Using Permeability to Understand Magnetic Core Saturation – Technical Articles

Saturation and hysteresis are both fundamental characteristics of magnetic core materials. They make the B-H curve nonlinear and multivalued, complicating the design of magnetic components. They also cause distortion and power loss.

We discussed hysteresis in two previous articles. In this article, we’ll learn about magnetic core saturation and how it relates to nonlinear behavior. We’ll then explore several different permeability definitions that allow us to characterize various aspects of a nonlinear B-H curve.

What is Magnetic Core Saturation?

When a ferromagnetic material is exposed to a magnetic field, its magnetic domains align with the external field, producing a strong field inside the material. A sufficiently large external field will eventually make all of the material’s magnetic domains align with it. Beyond this point, which is illustrated in Figure 1(b), no more alignment is possible. The material is then said to be saturated.

Figure 1. Ferromagnetic domains in (a) the absence of an external field and (b) in the presence of a strong external field. Image used courtesy of R. Nisticò

Magnetic core saturation can have a detrimental impact on the performance and efficiency of magnetic devices. Since the magnetic domains of the material can’t align any further, the magnetic flux of a saturated core is almost constant. A winding wrapped around the core therefore behaves almost like a short circuit, leading to distortion, overheating, and damage to the device.

The magnetic flux of a saturated core also becomes almost independent of the winding current, limiting the core’s ability to play its role as a medium for transferring or storing energy. In most applications, magnetic devices must be carefully designed to prevent core saturation.

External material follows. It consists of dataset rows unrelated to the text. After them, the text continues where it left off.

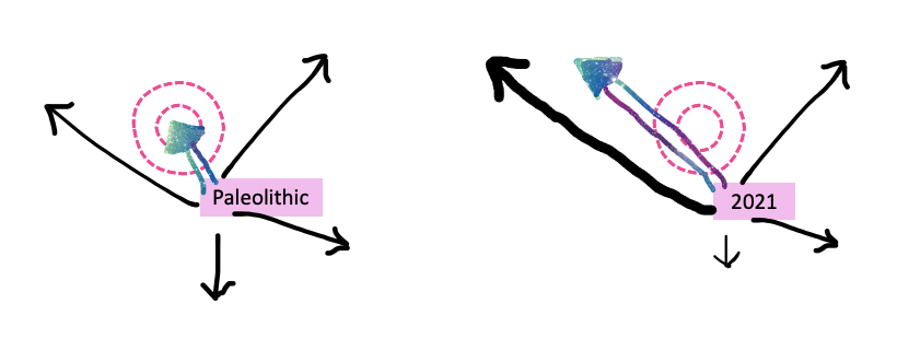 The left hand picture shows us in the paleolithic. We have a bunch of different desires, the black arrows. Each desire is triggered more or less by the environment. Cold triggers us to want warmth. Heat triggers us to run into the shade. Given the paleolithic environment in total, if you add up the effects of all those desires, you take actions – represented by the cosmic rainbow arrow, which adds up the vectors from all the black arrows. You end up in the sweet spot, doing about as well as you can for a hunter-gatherer. That’s not a coincidence, it’s because evolution fixes our desires to get us to the sweet spot, in terms of fitness.
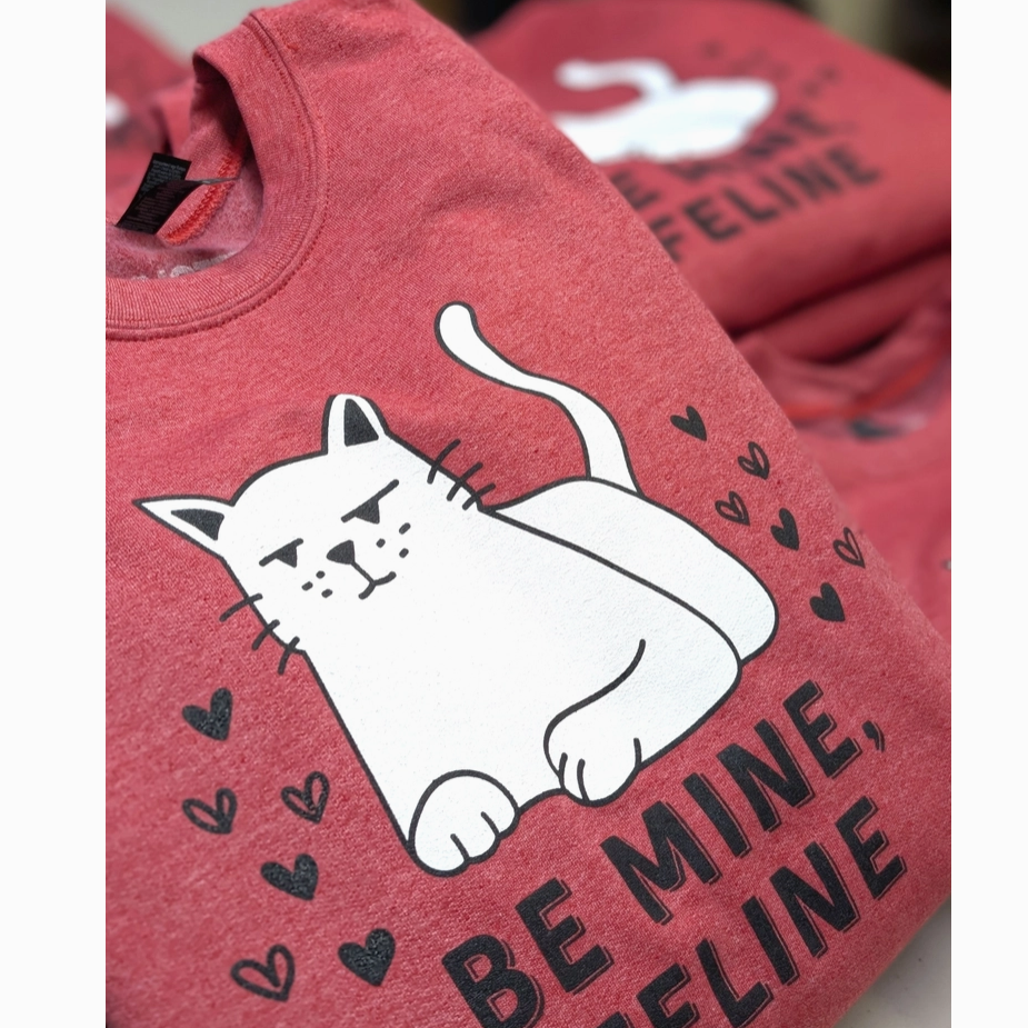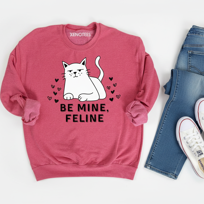 Bold Graphic: High-quality screen printing ensures the "Be Mine, Feline" design stays crisp and clear after every wash.
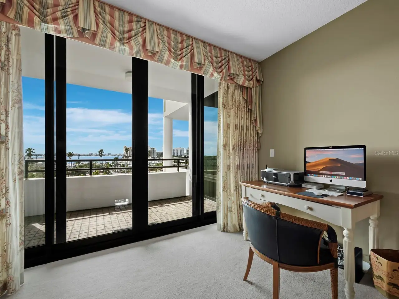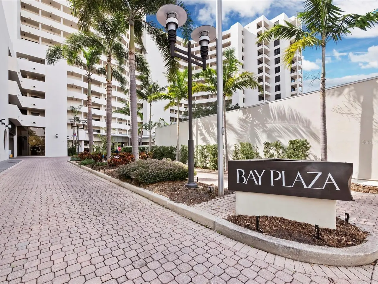 Welcome to Bay Plaza! Conveniently located in the center of downtown with full unparallel water views. This condominium boasts an exceptional living experience with great amenities that include a grand circular motor court with valet service, attendant garage parking, fine concierge service, and much more. Escape and unwind from everyday life in this condo within walking distance to a vibrant culinary, cultural, and art scene. This 4th-floor residence presents a spacious floor plan, with breathtaking western views of the bay and city skyline. Spanning 1,629 square feet, the home features two generously sized bedrooms, two bathrooms, separate dining room, and a private terrace. As you enter, you're welcomed by a large airy living space illuminated by floor-to-ceiling newly hurricane impact-rated sliding doors and windows. The seamless flow continues to an expansive, tiled terrace that provides sweeping views of Sarasota Bay, Marina Jack, the iconic Ringling Bridge, and the sparkling city lights in the distance. It's the perfect setting for entertaining. The extended galley kitchen offers solid counter tops, stainless steel appliances, wood cabinets, extra storage, and space for a desk. The kitchen, with its adjacent dining area, is ideal for hosting family and friends. The generously-sized owner's suite offers direct access to the private terrace, along with a large walk-in closet, dual vanities, a soaking tub, and a walk-in shower. The thoughtfully designed split floor plan also includes a guest room and bath, offering a peaceful retreat for visitors. Bay Plaza offers a lifestyle enhanced by legendary services and amenities including 24-hour valet parking, front desk attendants, on-site property management, and a beautiful lounge and library area. The fully equipped fitness center, complete with a sauna and steam room, provides ultimate relaxation. The heated pool and spa, combined with a community recreation area and covered grilling station, ensure that every day feels like a vacation. Convenience is key at Bay Plaza, with assigned parking, extra storage, bicycle storage, and EV charging stations available for residents. The condominium boasts exceptional walkability, with easy access to the waterfront boardwalk, diverse dining options, and the rich cultural events of downtown Sarasota. This ideal location simply elevates the entire appeal of Bay Plaza waterfront living. It truly stands as both a destination and a place to call home.
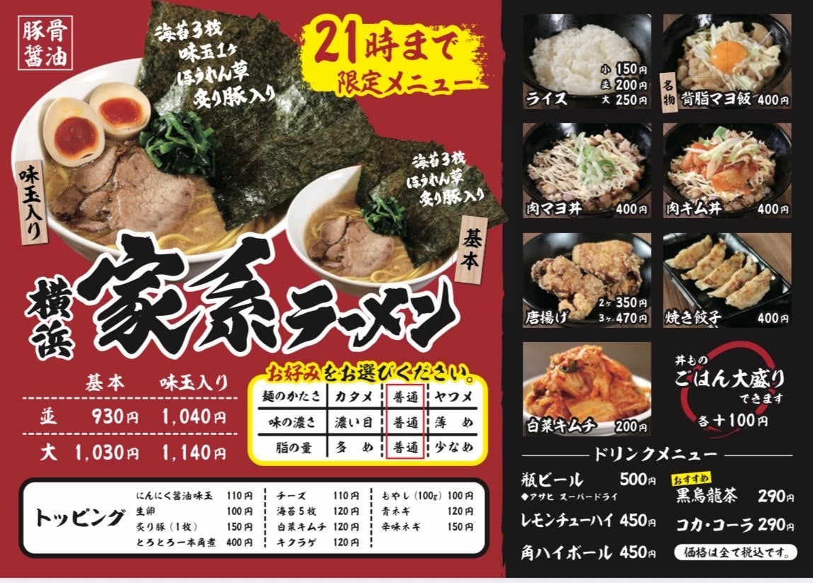 家系ラーメン(並) 930円 (21時まで限定)
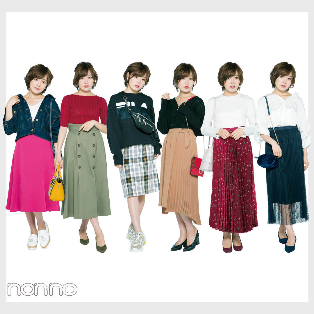 身長160cmの読モが秋のトレンドスカートを6着着比べ!
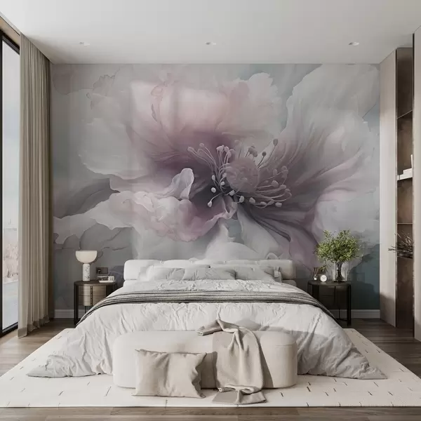 Valokuvatapetti Herkkä kukka vaaleanpunaisilla ja valkoisilla terälehdillä Nr w04446
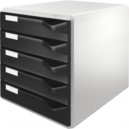 LEITZ® Schubladenelement aus PS, Auszugsstopp und Schubladeneinzug, mit auswechselbarem Beschriftungsschild, rutschfeste Gummifüsse, Gehäuse hellgrau, für Format A4. Post-Set mit 5 Schubladen gross Aussenmasse: B 285 x H 290 x T 355 mm, Innenmasse Schubladen: B 255 x H 50 x T 330 mm.
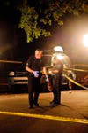 Update 1:56 a.m.: Authorities at the scene are closely examining a bush across the street from the shooting scene.

Saturation and the B-H Curve

As you may recall from our earlier discussion of complex permeability, we use two different field quantities to analyze the material’s response to an external magnetic field:

• B, the flux density. This is defined as the total magnetic field inside the material divided by the material’s cross-sectional area.
• H, the field intensity. This is defined as the external magnetic field divided by the permeability of free space (μ₀).

In general, we use the following expression to describe the relationship between the B and H fields:

$$B~=~ mu_0 mu_r H$$

Equation 1.

where μ_r is the material’s relative permeability. A material’s B-H curve represents this relationship by placing B on the vertical axis of a graph and H on the horizontal axis.

For a non-magnetic material, the B-H curve is linear. A single permeability value is therefore obtained for arbitrary values of H. For example, Figure 2 shows the B-H curve for an air-core inductor. The relative permeability of air is μ_r = 1, so the slope of the line is equal to μ₀.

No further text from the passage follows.